Collection entries:
== Segment start ==

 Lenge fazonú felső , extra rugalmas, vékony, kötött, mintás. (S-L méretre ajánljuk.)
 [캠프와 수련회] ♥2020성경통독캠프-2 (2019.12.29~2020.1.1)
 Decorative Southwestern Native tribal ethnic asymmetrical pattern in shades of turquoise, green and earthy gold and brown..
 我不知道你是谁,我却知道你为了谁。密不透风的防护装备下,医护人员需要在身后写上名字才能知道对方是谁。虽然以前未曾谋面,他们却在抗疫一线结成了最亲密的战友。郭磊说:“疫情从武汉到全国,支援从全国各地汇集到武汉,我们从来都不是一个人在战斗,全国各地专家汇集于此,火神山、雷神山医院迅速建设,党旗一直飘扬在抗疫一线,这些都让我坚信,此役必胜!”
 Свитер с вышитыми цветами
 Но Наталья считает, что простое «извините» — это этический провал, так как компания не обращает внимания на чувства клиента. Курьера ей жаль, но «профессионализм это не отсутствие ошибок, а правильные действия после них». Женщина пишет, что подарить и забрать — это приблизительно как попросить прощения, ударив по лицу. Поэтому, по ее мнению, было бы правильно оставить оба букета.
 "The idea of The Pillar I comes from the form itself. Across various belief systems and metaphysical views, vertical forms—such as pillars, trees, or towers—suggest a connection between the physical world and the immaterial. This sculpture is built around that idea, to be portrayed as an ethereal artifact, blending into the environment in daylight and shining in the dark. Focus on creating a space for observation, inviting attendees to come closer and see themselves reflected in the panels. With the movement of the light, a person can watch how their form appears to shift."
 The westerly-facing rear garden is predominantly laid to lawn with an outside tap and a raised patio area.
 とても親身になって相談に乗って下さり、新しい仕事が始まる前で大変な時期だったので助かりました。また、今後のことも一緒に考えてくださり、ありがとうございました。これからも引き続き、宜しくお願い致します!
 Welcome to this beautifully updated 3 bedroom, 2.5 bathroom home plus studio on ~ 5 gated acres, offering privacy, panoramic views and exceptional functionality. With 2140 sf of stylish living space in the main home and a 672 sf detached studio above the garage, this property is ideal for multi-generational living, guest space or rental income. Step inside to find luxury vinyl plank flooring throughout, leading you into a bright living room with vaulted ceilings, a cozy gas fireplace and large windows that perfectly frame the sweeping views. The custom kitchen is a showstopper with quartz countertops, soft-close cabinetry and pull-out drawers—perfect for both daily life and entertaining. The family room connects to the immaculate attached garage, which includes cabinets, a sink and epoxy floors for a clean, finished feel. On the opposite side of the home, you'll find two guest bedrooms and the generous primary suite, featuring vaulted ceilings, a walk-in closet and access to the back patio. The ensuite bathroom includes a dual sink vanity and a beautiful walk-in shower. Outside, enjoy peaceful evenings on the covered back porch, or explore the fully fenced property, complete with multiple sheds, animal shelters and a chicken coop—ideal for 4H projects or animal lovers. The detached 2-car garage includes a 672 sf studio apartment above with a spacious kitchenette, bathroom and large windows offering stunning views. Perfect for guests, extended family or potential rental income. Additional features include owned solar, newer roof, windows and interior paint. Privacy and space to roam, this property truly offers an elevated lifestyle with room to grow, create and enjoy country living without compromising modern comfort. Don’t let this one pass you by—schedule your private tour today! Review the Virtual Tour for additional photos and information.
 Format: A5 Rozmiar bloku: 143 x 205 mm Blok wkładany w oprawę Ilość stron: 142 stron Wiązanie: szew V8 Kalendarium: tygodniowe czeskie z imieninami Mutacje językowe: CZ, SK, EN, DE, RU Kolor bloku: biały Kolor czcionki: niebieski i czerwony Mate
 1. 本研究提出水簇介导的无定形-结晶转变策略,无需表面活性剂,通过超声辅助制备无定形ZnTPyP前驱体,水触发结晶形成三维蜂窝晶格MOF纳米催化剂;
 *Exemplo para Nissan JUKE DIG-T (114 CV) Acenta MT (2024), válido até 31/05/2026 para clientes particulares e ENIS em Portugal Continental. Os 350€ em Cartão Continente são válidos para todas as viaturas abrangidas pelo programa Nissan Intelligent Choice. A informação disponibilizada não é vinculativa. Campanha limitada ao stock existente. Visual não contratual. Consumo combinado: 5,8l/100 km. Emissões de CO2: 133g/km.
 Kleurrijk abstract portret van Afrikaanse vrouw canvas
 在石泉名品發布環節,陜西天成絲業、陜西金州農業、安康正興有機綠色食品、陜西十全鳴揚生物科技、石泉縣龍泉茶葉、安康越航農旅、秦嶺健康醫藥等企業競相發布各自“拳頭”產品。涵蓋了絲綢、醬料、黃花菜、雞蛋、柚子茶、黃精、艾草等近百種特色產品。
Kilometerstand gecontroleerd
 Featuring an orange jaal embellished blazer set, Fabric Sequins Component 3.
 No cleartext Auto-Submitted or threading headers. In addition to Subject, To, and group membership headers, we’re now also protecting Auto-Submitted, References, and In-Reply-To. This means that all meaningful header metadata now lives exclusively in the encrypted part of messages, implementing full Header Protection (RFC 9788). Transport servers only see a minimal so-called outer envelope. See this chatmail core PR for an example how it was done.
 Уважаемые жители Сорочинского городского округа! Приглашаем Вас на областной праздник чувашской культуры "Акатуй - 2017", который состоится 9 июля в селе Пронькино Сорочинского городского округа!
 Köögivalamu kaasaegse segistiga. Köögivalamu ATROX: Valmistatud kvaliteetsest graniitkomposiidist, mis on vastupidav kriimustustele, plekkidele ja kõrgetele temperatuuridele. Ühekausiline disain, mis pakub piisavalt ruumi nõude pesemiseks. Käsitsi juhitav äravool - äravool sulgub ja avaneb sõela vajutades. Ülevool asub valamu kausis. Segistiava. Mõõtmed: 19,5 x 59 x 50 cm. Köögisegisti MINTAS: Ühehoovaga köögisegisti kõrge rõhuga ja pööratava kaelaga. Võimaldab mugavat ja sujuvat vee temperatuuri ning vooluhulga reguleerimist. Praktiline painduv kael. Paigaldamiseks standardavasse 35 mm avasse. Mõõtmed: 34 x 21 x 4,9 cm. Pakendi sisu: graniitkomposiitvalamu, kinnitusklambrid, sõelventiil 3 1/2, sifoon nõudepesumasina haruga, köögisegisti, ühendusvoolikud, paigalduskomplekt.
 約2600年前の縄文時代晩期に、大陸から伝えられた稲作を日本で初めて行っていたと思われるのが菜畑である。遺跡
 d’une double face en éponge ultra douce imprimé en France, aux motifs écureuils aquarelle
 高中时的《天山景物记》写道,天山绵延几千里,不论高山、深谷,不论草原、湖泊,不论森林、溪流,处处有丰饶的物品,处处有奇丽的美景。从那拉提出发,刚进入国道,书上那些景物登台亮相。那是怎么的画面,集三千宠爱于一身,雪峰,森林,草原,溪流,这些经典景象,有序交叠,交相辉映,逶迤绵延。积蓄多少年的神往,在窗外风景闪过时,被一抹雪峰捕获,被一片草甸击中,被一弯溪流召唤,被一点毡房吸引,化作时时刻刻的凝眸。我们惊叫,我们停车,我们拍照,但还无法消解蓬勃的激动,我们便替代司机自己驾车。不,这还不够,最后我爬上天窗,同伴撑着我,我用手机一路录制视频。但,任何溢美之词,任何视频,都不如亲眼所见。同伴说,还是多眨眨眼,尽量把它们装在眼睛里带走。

== Segment end ==

▶ _Action item_
Restate word for word the lines running from the line that holds "約2600年前の縄文時代晩期" to the final line of the entries.

▶ _Solution_
 約2600年前の縄文時代晩期に、大陸から伝えられた稲作を日本で初めて行っていたと思われるのが菜畑である。遺跡
 d’une double face en éponge ultra douce imprimé en France, aux motifs écureuils aquarelle
 高中时的《天山景物记》写道,天山绵延几千里,不论高山、深谷,不论草原、湖泊,不论森林、溪流,处处有丰饶的物品,处处有奇丽的美景。从那拉提出发,刚进入国道,书上那些景物登台亮相。那是怎么的画面,集三千宠爱于一身,雪峰,森林,草原,溪流,这些经典景象,有序交叠,交相辉映,逶迤绵延。积蓄多少年的神往,在窗外风景闪过时,被一抹雪峰捕获,被一片草甸击中,被一弯溪流召唤,被一点毡房吸引,化作时时刻刻的凝眸。我们惊叫,我们停车,我们拍照,但还无法消解蓬勃的激动,我们便替代司机自己驾车。不,这还不够,最后我爬上天窗,同伴撑着我,我用手机一路录制视频。但,任何溢美之词,任何视频,都不如亲眼所见。同伴说,还是多眨眨眼,尽量把它们装在眼睛里带走。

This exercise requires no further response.